**WHAT YOU WILL DO**
When you reach the line with "3M™ Warmschrumpfschlauch GTI" in the listing below, transcribe it and each line after it up to and including the line with "Σχολικό εγχειρίδιο Αρχαίων", exactly and with nothing else.

[Opening RECORDS TO USE section]

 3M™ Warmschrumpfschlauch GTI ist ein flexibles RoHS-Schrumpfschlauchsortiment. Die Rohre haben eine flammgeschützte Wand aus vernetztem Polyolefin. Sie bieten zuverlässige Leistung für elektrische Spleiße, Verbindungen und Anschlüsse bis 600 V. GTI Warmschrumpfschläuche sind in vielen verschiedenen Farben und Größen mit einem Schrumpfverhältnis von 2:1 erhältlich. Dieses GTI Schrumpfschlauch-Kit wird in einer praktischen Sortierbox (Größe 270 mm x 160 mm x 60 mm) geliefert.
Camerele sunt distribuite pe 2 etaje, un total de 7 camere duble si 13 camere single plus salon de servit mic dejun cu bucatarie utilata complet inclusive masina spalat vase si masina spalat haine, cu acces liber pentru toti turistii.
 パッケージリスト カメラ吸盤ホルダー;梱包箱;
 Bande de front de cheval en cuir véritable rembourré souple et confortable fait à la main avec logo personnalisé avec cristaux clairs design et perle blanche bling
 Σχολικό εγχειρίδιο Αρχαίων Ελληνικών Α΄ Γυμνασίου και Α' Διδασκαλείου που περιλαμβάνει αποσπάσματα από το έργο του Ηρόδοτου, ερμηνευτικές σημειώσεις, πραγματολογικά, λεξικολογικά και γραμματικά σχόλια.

[Closing RECORDS TO USE section]
[Opening RECORDS TO USE section]

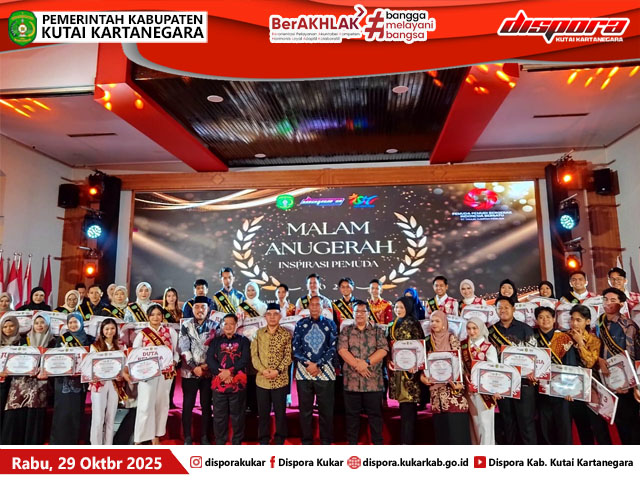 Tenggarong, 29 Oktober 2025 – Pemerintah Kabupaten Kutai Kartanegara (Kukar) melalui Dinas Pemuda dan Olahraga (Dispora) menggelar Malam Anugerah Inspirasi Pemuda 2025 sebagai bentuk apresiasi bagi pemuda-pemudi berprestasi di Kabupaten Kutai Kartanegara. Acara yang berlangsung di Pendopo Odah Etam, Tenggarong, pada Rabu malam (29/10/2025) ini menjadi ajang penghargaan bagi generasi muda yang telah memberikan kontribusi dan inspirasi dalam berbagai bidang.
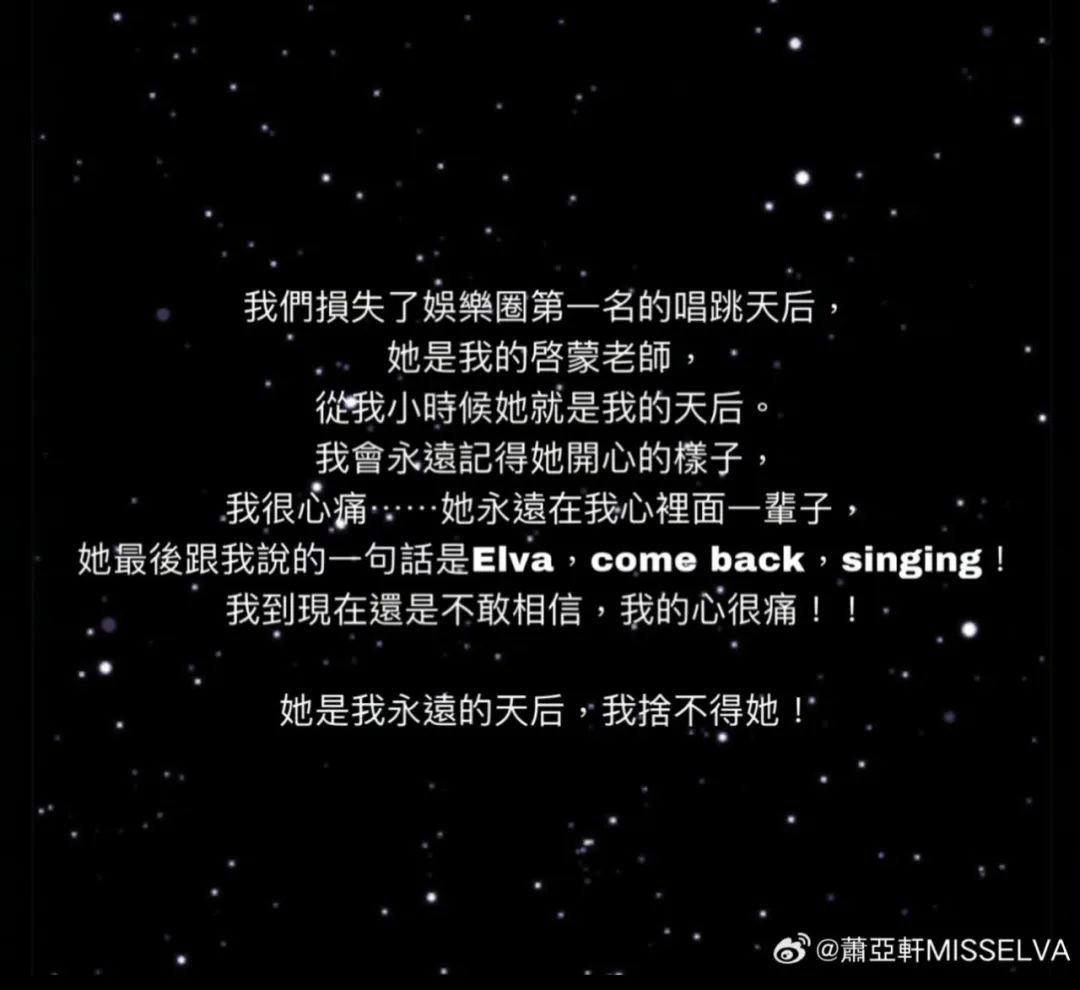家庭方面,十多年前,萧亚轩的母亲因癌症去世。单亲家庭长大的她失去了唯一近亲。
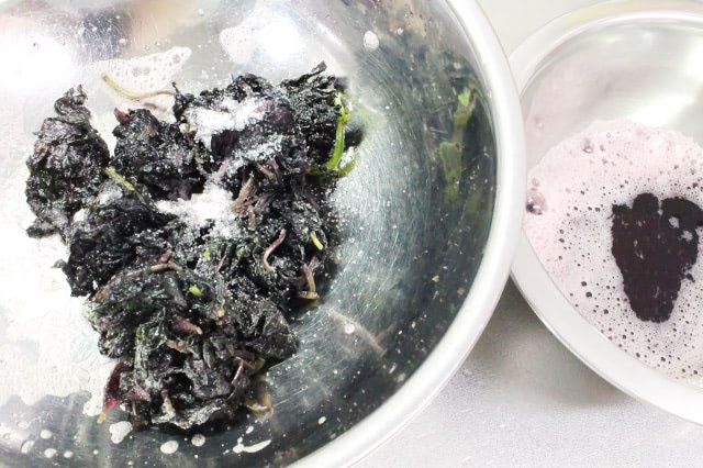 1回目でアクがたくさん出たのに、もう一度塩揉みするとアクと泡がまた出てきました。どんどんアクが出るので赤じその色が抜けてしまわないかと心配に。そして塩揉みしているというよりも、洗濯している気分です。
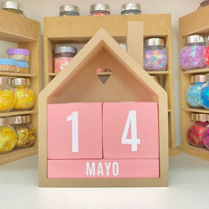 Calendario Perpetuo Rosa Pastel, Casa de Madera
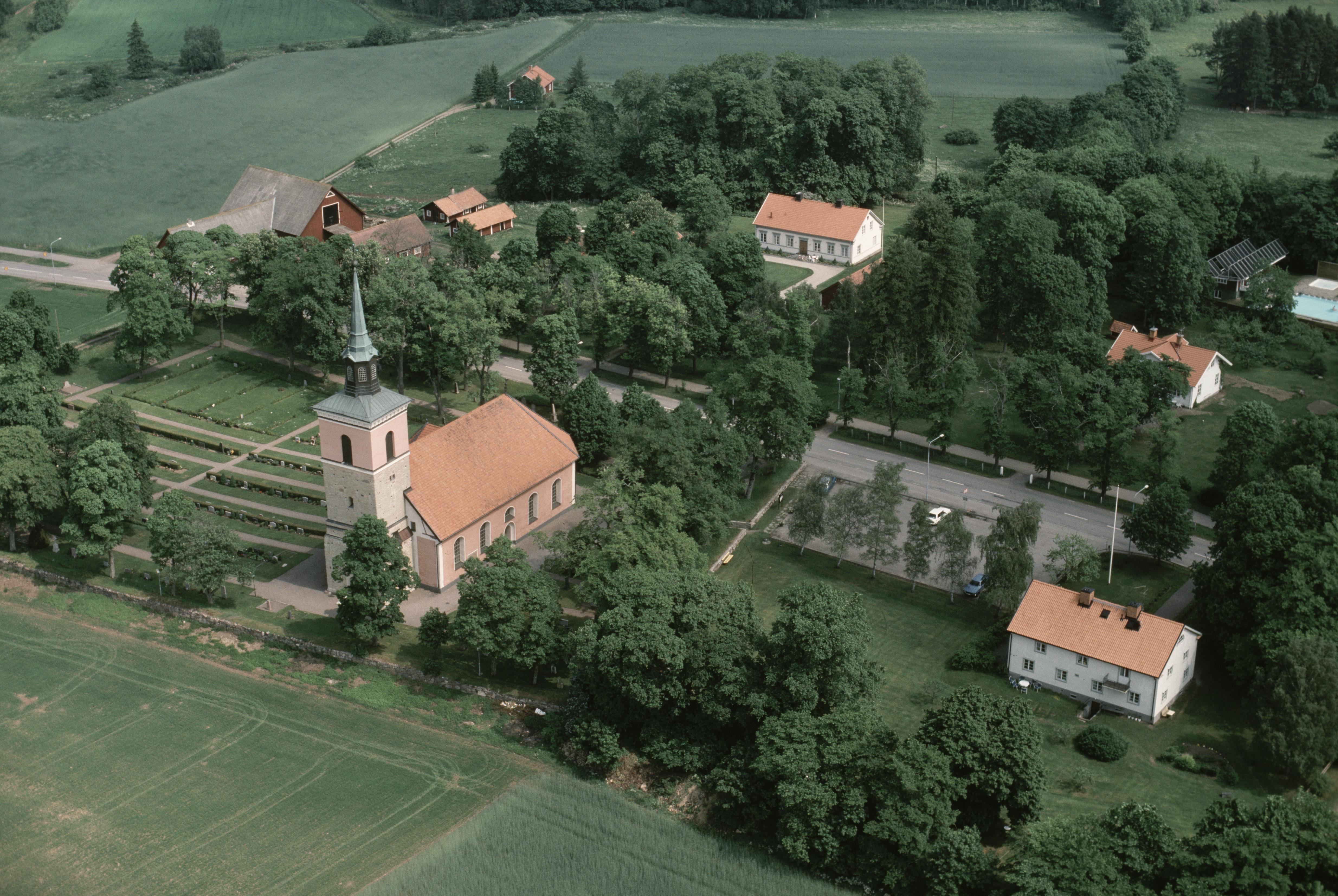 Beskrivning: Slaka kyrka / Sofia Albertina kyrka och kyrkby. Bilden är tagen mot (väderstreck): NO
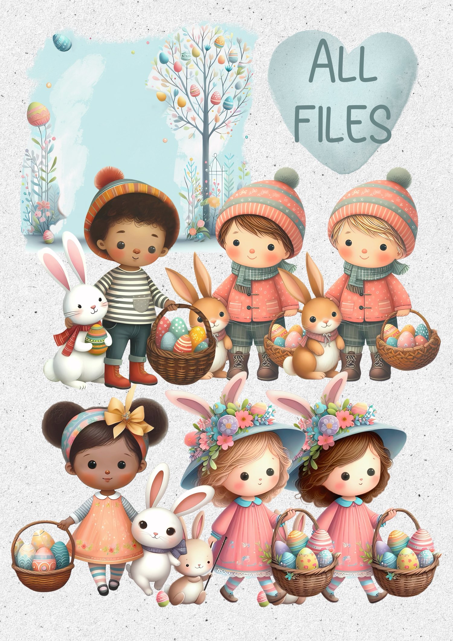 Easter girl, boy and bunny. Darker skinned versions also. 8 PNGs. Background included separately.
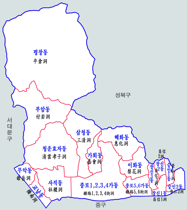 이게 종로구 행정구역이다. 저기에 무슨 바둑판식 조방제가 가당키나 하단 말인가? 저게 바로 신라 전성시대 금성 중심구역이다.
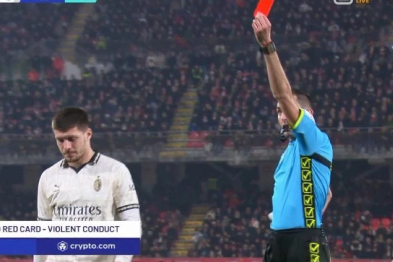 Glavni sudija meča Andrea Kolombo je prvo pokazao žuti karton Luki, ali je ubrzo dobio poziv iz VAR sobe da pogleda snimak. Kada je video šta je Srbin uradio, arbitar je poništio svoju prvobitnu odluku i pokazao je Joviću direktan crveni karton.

[Closing RECORDS TO USE section]

**EXERCISE SOLUTION**
 3M™ Warmschrumpfschlauch GTI ist ein flexibles RoHS-Schrumpfschlauchsortiment. Die Rohre haben eine flammgeschützte Wand aus vernetztem Polyolefin. Sie bieten zuverlässige Leistung für elektrische Spleiße, Verbindungen und Anschlüsse bis 600 V. GTI Warmschrumpfschläuche sind in vielen verschiedenen Farben und Größen mit einem Schrumpfverhältnis von 2:1 erhältlich. Dieses GTI Schrumpfschlauch-Kit wird in einer praktischen Sortierbox (Größe 270 mm x 160 mm x 60 mm) geliefert.
Camerele sunt distribuite pe 2 etaje, un total de 7 camere duble si 13 camere single plus salon de servit mic dejun cu bucatarie utilata complet inclusive masina spalat vase si masina spalat haine, cu acces liber pentru toti turistii.
 パッケージリスト カメラ吸盤ホルダー;梱包箱;
 Bande de front de cheval en cuir véritable rembourré souple et confortable fait à la main avec logo personnalisé avec cristaux clairs design et perle blanche bling
 Σχολικό εγχειρίδιο Αρχαίων Ελληνικών Α΄ Γυμνασίου και Α' Διδασκαλείου που περιλαμβάνει αποσπάσματα από το έργο του Ηρόδοτου, ερμηνευτικές σημειώσεις, πραγματολογικά, λεξικολογικά και γραμματικά σχόλια.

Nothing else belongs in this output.